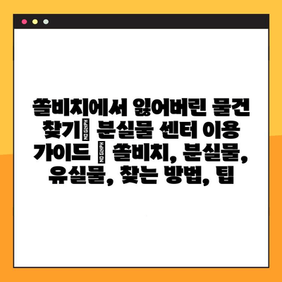 ✅ 쏠비치 분실물 센터 이용 가이드를 통해 잃어버린 물건을 빠르고 효과적으로 찾는 방법을 알아보세요!
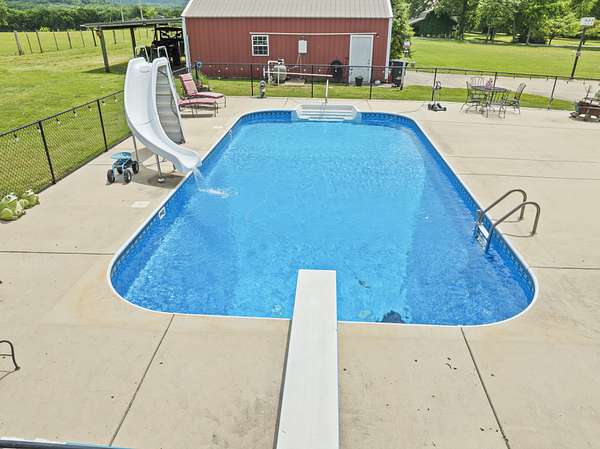Welcome to this gorgeous all-brick home nestled on 3.22 acres! This beautiful property offers a perfect blend of privacy, elegance, comfort, and functionality. This home has a fantastic floor plan that includes a bright and airy sunroom, perfect for enjoying the surrounding views. The large kitchen features beautiful oak cabinets that provide ample storage, making meal preparation a breeze in this well-appointed kitchen. Relax in the spacious living room featuring built-in cabinets and a charming fireplace, creating a warm and inviting atmosphere. The back yard features your own private outdoor oasis: Relax and entertain by your own sparkling saltwater pool, offering a serene space for outdoor enjoyment. The detached garage offers additional storage and workspace, ideal for keeping your vehicles or equipment safe and secure.
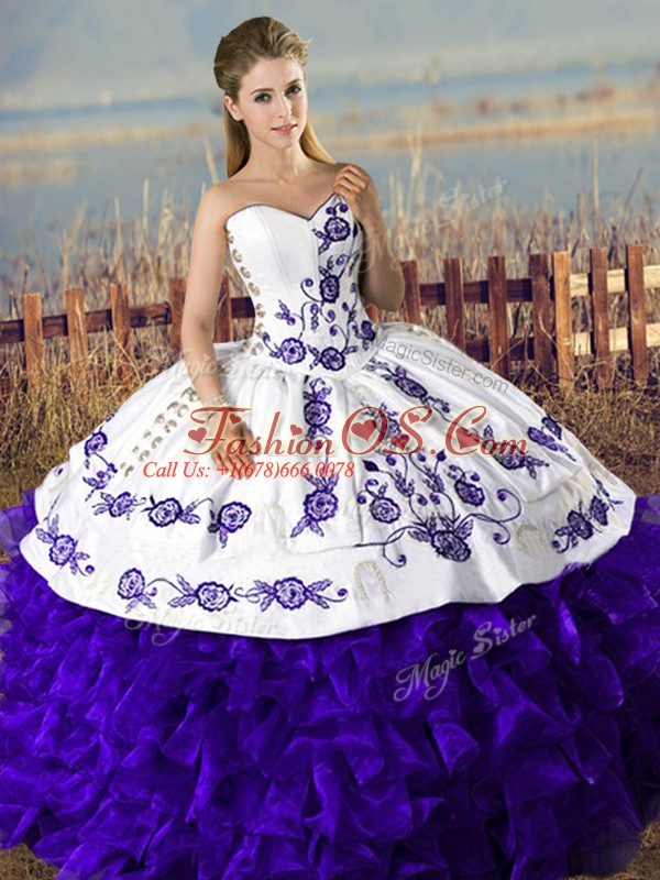 Sweetheart Sleeveless Lace Up Quinceanera Dress Purple Satin and Organza
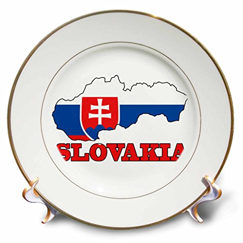 3dRose cp_63202_1 The Flag of Slovakia in The Outline Map of The Country and Name, Slovakia Porcelain Plate, 8-Inch

- Exercise requirements -
Each line of the data should be quoted exactly, with pictures left out.

- Task solution -
 ✅ 쏠비치 분실물 센터 이용 가이드를 통해 잃어버린 물건을 빠르고 효과적으로 찾는 방법을 알아보세요!
Welcome to this gorgeous all-brick home nestled on 3.22 acres! This beautiful property offers a perfect blend of privacy, elegance, comfort, and functionality. This home has a fantastic floor plan that includes a bright and airy sunroom, perfect for enjoying the surrounding views. The large kitchen features beautiful oak cabinets that provide ample storage, making meal preparation a breeze in this well-appointed kitchen. Relax in the spacious living room featuring built-in cabinets and a charming fireplace, creating a warm and inviting atmosphere. The back yard features your own private outdoor oasis: Relax and entertain by your own sparkling saltwater pool, offering a serene space for outdoor enjoyment. The detached garage offers additional storage and workspace, ideal for keeping your vehicles or equipment safe and secure.
 Sweetheart Sleeveless Lace Up Quinceanera Dress Purple Satin and Organza
 3dRose cp_63202_1 The Flag of Slovakia in The Outline Map of The Country and Name, Slovakia Porcelain Plate, 8-Inch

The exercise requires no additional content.